What follows is an excerpt from the foreword to Pink Ribbon Blues, written by Bonnie B. Spanier, Ph.D., Microbiology and Molecular Genetics Emerita, Women’s Studies Department, University at Albany.
The grassroots breast cancer movement of twenty-plus years has been a force for progress for consumers interfacing with medicine. Over the years, much has changed in breast cancer biomedicine as well. Many of these changes have come from medical professionals and researchers who put the quality of life for women at the center of their concerns. The women’s health movement that came to the public eye around 1970 with the publication of Our Bodies, Ourselves, for example, has played a crucial role in pushing the medical profession, government regulators, and researchers into treating women as active agents and potential experts of our own bodies. Much of the particular change in biomedicine came from obstreperous women, like Rose Kushner, insisting on being heard by their doctors and politicians, in the National Institutes of Health and in Congress.
By 1990, frustrated women raised their voices, opened their purses, and organized to get the attention of the public and of politicians in order to highlight shortfalls in progress against breast cancer. Despite reassurances from most quarters of the medical profession, women faced the harsh reality that mortality rates had not improved in 50 years. The breast cancer advocacy movement became a revolution to increase funding for innovative research; to question standard medical advice so that the public could learn about the complexities of the disease, including its known and suspected causes; to address the conditions of survivors’ lives; and to dream of eliminating the disease for future generations.
We have much to learn from this extraordinary era and the many engaged citizens working to improve our health. Yet it is discouraging that, decades later, the same issues remain: Why are so many women living with, suffering from, and dying from breast cancer? What are the best ways to detect, treat, live with, and prevent this disease? Whose information is most reliable? What role, if any, should corporations play in disseminating medical information, encouraging particular modes of detection or treatment, or fund-raising for large breast cancer organizations? How do everyday messages about women and breast cancer survivorship help or diminish support for the diagnosed, or for those who are at risk? Whose voices are missing from the public debate? Where is the debate headed, and will it have any impact on the eradication of the disease?
Because we still cannot answer these challenging questions to our satisfaction, it is time to look at the problem with fresh insights. In order to increase our chances for improving quality of life, we must take stock of where we have been and where we are headed, re-evaluating the current culture and its powerful beliefs about what is best for women’s health.
Gayle Sulik’s thoughtful and provocative book gives us that opportunity. Her approach focuses us on the nexus of critical issues in women’s and men’s health, personal decision-making, and public policy. To understand the strengths and the limitations of the “pink ribbon culture” of breast cancer, Sulik looks at this complex cultural system it in its entirety, with its own language, norms, practices, and beliefs.

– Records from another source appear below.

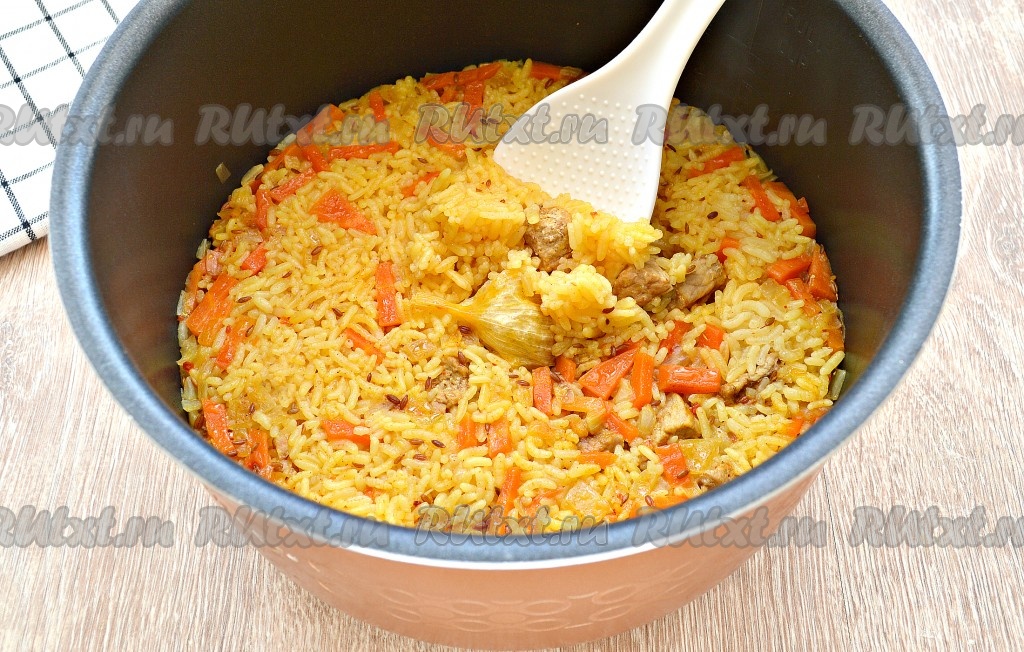 Заменить программу «Жарка» программой «Плов», закрыть крышку мультиварки. Готовить плов со свининой 40 минут (до окончания программы). Если нет программы "Плов", можно готовить также на программах «Выпечка» или «Тушение» в течение 40 минут. После приготовления крышку сразу не открывать, дать плову потомиться 10 минут в автоматическом режиме на программе «Подогрев».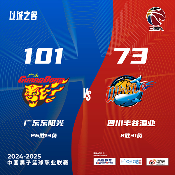 JRS低调看直播讯北京时间3月12日讯 CBA常规赛继续进行,广东主场迎战四川,广东上场大胜新疆,目前25胜13负位列联赛第6,四川苦吞9连败,8胜30负排在联赛第17位。此役一上来广东状态慢热单节仅得到16分,四川外援马里奇连投带罚接连取分,率队打出16-4梦幻开局,首节结束时四川领先9分,次节回来,广东找到进攻感觉,伯克连中三分率队回敬15-4攻击波一举反超,半场战罢,广东反超确立9分优势。易边再战后四川仅靠马里奇苦苦支撑,广东内外开花扩大优势,三节结束后广东已经领先28分,末节上来,四川进攻乏力追分无望,比赛提前失去悬念,两队陆续换上替补,最终广东101-73大胜送四川10连败。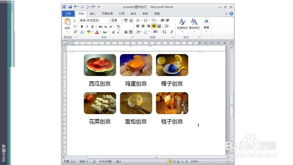 在word里smartart是图形制作的利器,但类型非常多样,应用也有很多变化,下面就图片题注列表进行一些应用展示。工具/原料moreWord方法/步骤1/6分步阅读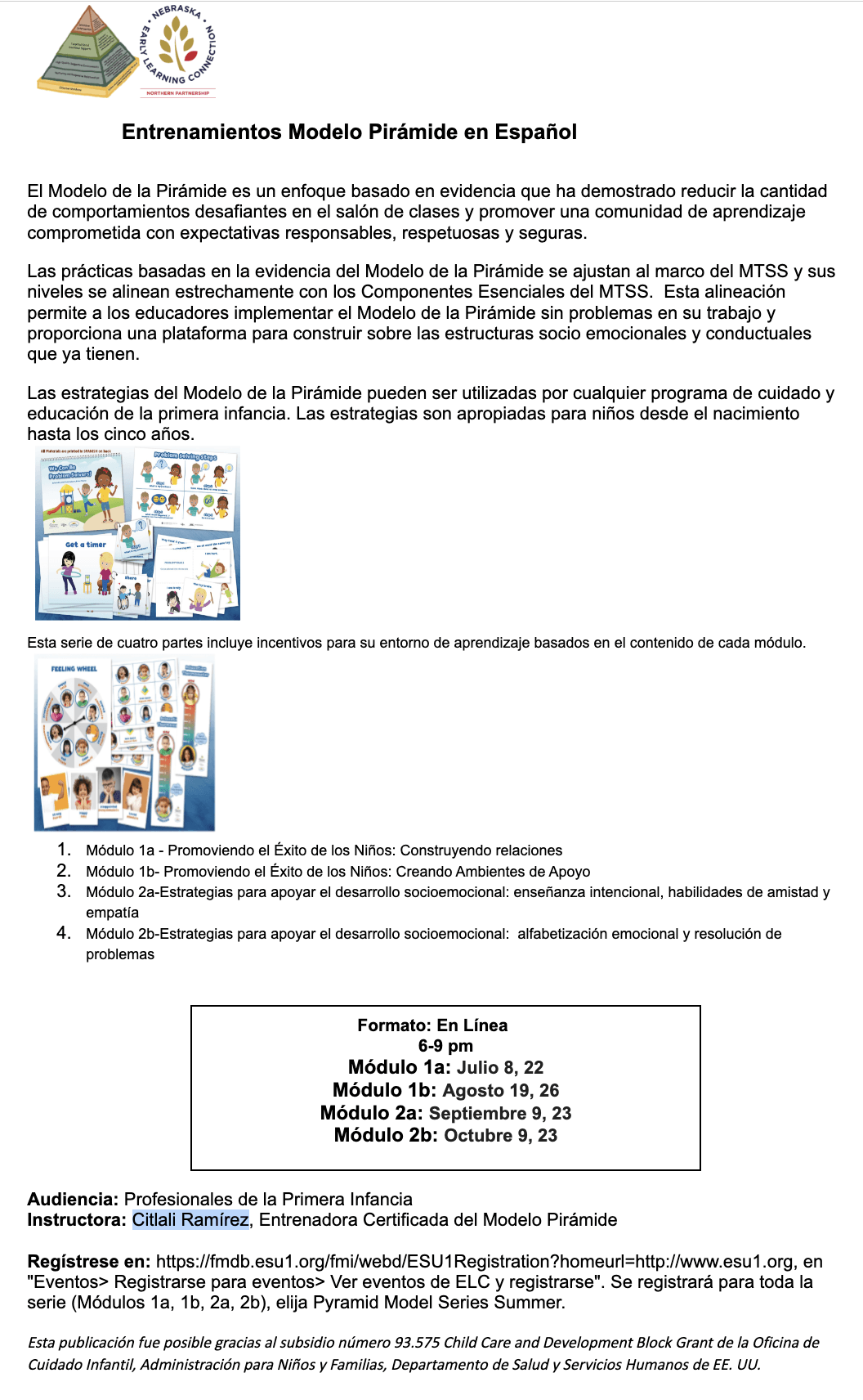 This four-part series will increase your confidence and competence in addressing challenging behaviors with young children. You will learn strategies based on the Teaching Pyramid Model which includes: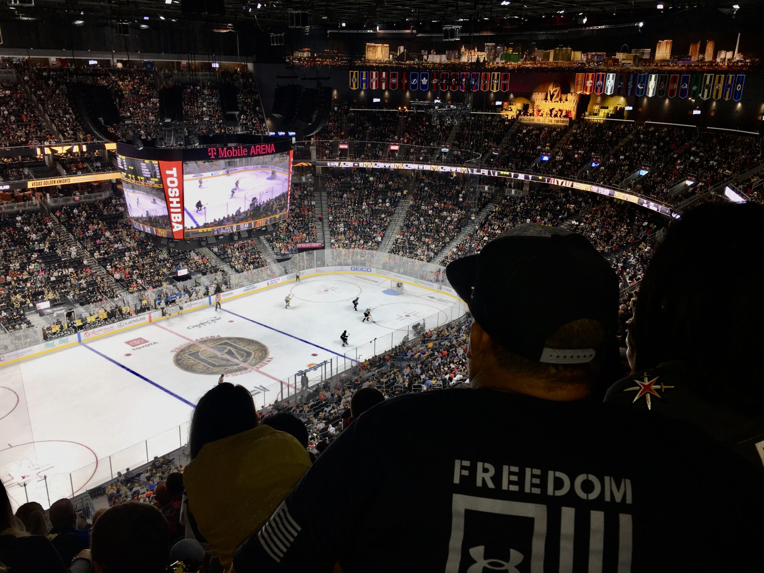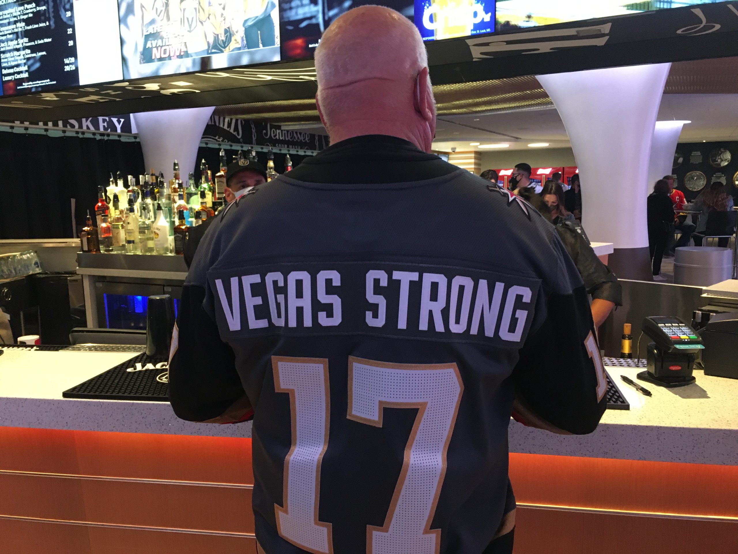 Layered atop the emotional day in Las Vegas is the daily COVID-19 pandemic, which has claimed the lives of 700,000 Americans. At the Golden Knights game at T-Mobile Arena, the protocol requires all fans to wear masks to comply with the state/county indoor mask requirement. A mile and a half away to the south, the Raiders require fans attending home games at Allegiant Stadium to show proof of COVID vaccination. After showing vax proof, fans inside Allegiant Stadium do not have to wear masks at Raiders home games.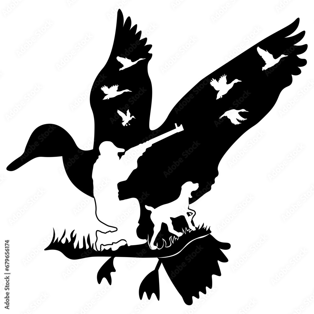 Duck and Hunter, Hand Drawn Vector Illustration #679656174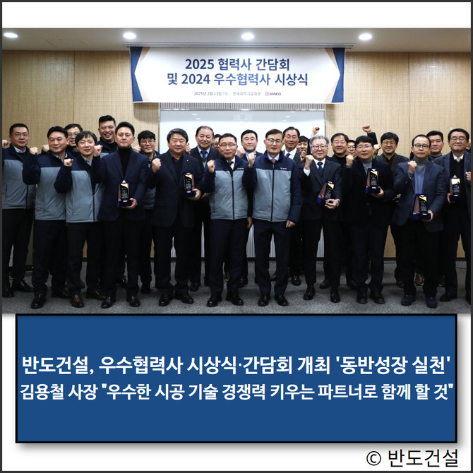 반도건설은 지난 13일 한국과학기술회관에서 지난해 시공 현장에서 함께 협력한 협력사 대표들과 함께 2025 협력사 간담회 및 2024 우수협력사 시상식을 가졌다. 이날 행사에는 김용철 반도건설 사장, 이정렬 시공부문 대표 및 임직원들과 우수협력사로 선발된 14개사 대표 및 임직원 등이 참석했다.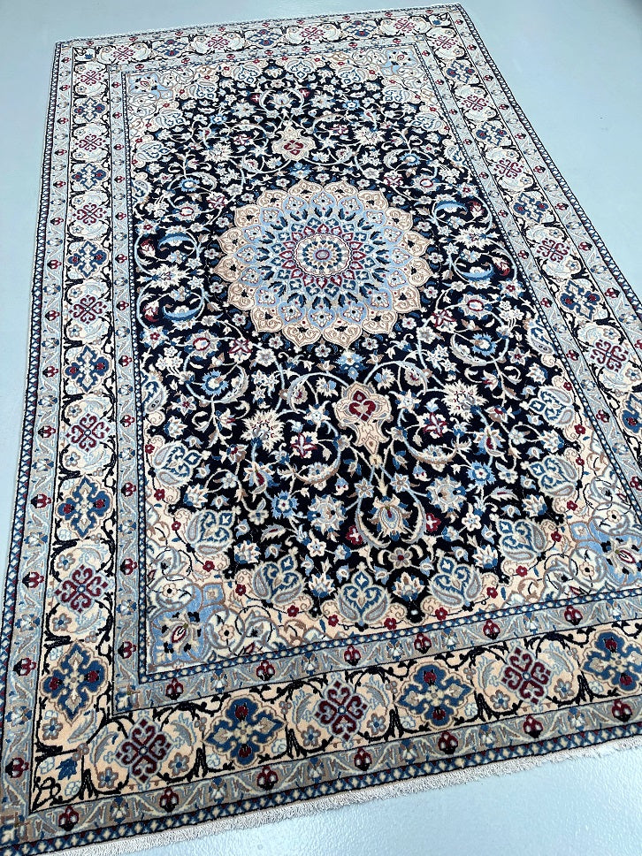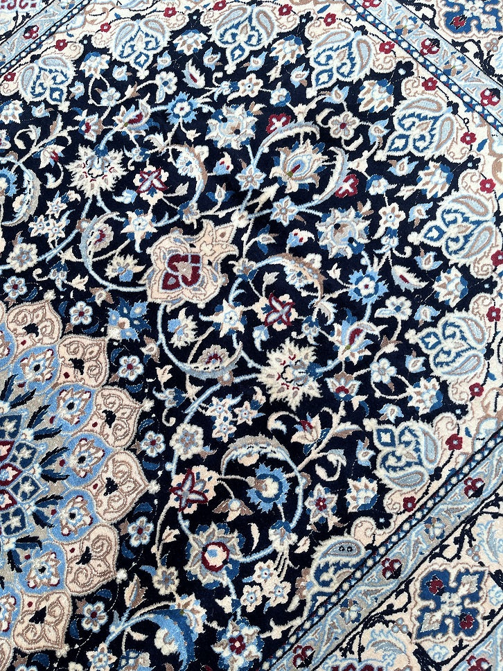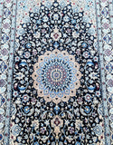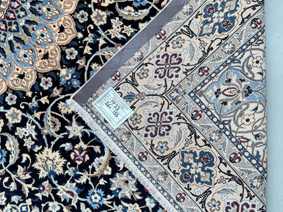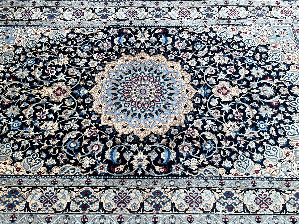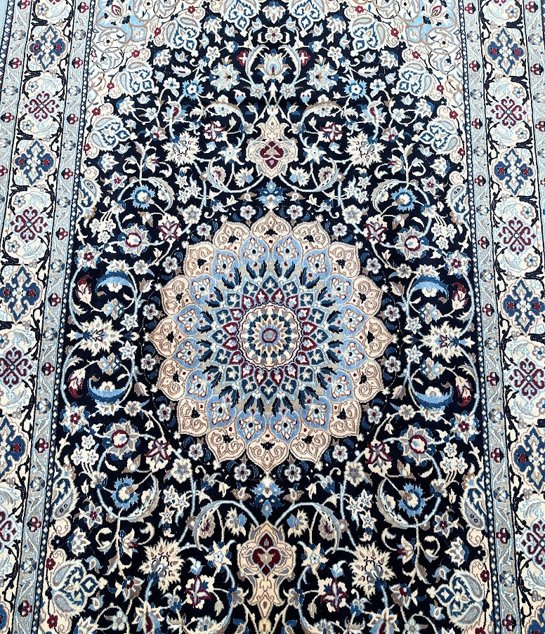 Superb Room Size Authentic Handmade Vintage Persian Nain Rug. Above All It Is Hard To Get This Quality Original Handmade Rug From This Region. It Also Has A Lamb’s Wool And Silk Pile On Cotton Base. Indigo Blue, Aqua, Burgundy, Cream And Beige Tones Dyed Using Traditional Methods.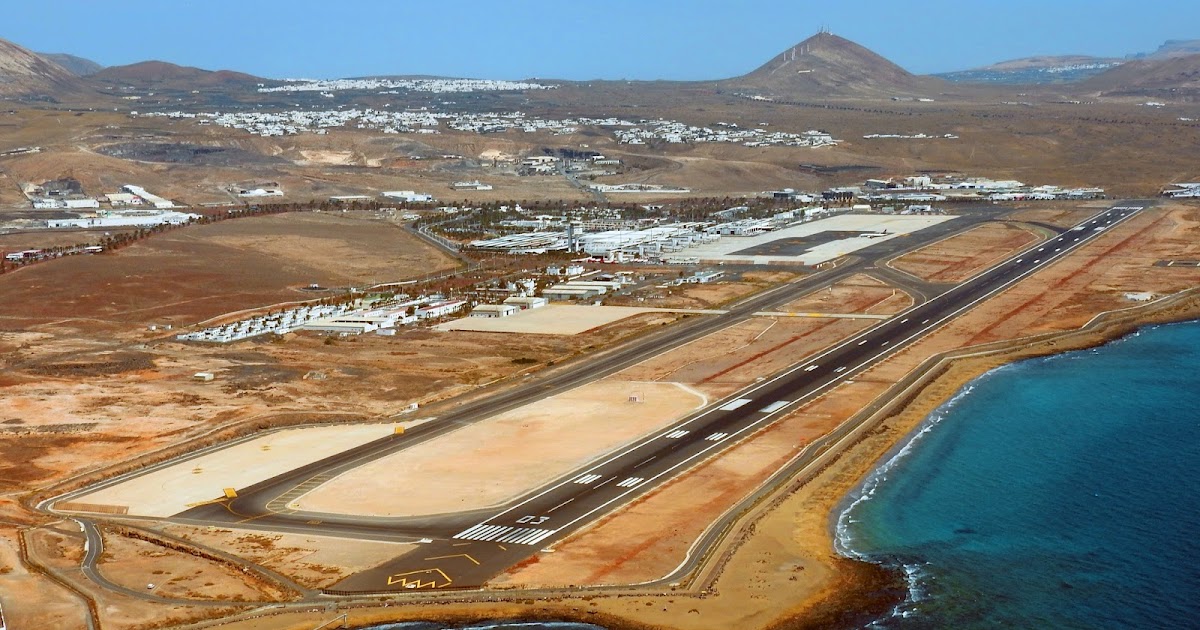 Aeropuerto de Lanzarote. Vista aérea general del aeropuerto de Lanzarote, Islas Canarias.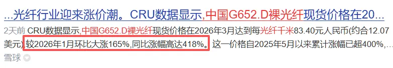 CRU权威数据实锤,数据震撼到离谱。中国G652.D裸光纤,3月报价83.4元/光纤千米,较1月暴涨165%,同比更是狂涨418%!自2025年5月起,累计涨幅超400%,直接冲破历史峰值,创下行业新纪录!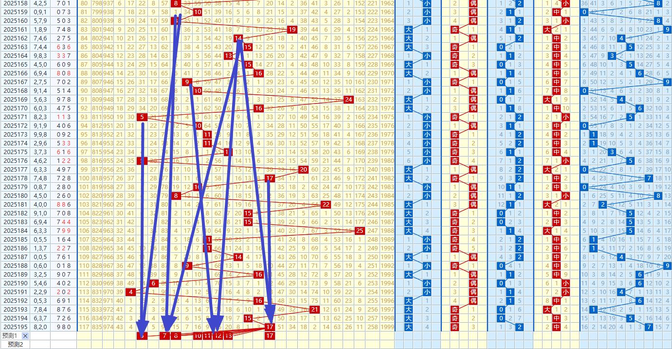 和值预判分析: 195期的和值为17,这是一个相对中等较大的和值。在和值走势的分析中,注重和值的波动性和稳定性。考虑到近期和值的波动范围,可以预判196期的和值将走小。这样的预判不仅符合和值的波动性规律,也体现了和值的稳定性原则。和值预判为19、重点关注.遗漏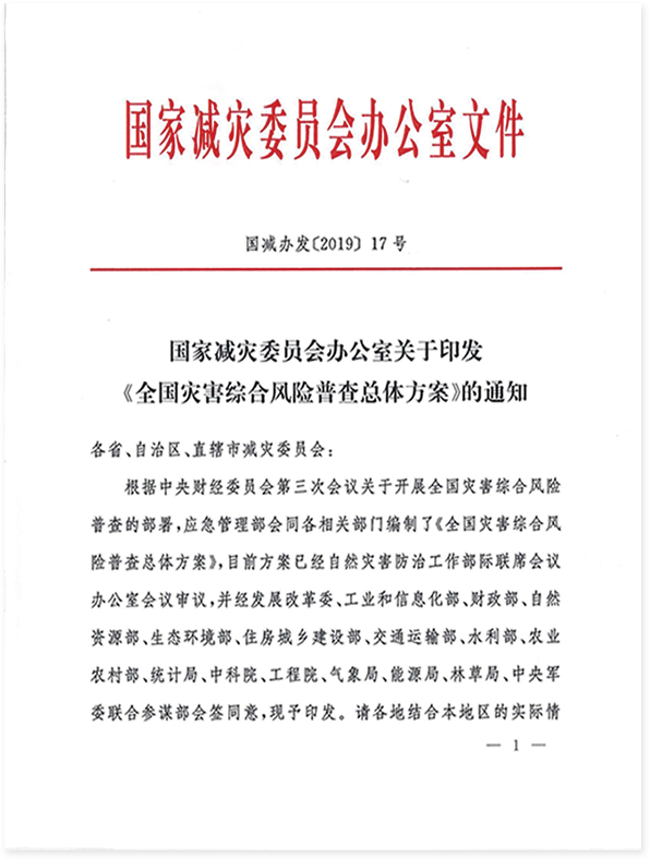 ●2019年12月,國家減災(zāi)委員會(huì)辦公室印發(fā)《全國災(zāi)害綜合風(fēng)險(xiǎn)普查總體方案》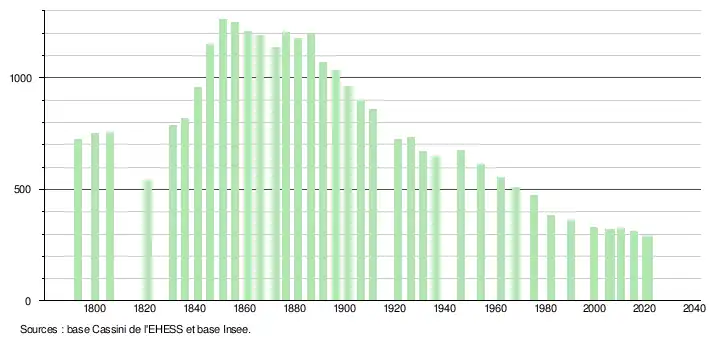 L'évolution du nombre d'habitants est connue à travers les recensements de la population effectués dans la commune depuis 1793. Pour les communes de moins de 10 000 habitants, une enquête de recensement portant sur toute la population est réalisée tous les cinq ans, les populations légales des années intermédiaires étant quant à elles estimées par interpolation ou extrapolation[34]. Pour la commune, le premier recensement exhaustif entrant dans le cadre du nouveau dispositif a été réalisé en 2005[35].

She considers the history, the key players, the most prevalent messages, the key funders, and the most crucial outcomes of America’s war on breast cancer. She listens to the words and stories of women who have breast cancer, the people who care about them, and those who are involved with breast cancer advocacy and education. She examines the advertising tableau and the imagery associated with pink culture. Then she carefully documents and analyzes the impact of this culture on the lives of women living with a breast cancer diagnosis. Finally, Sulik offers understanding about why pink ribbon culture has avoided public critique, and how society and advocacy together can regain crucial ground.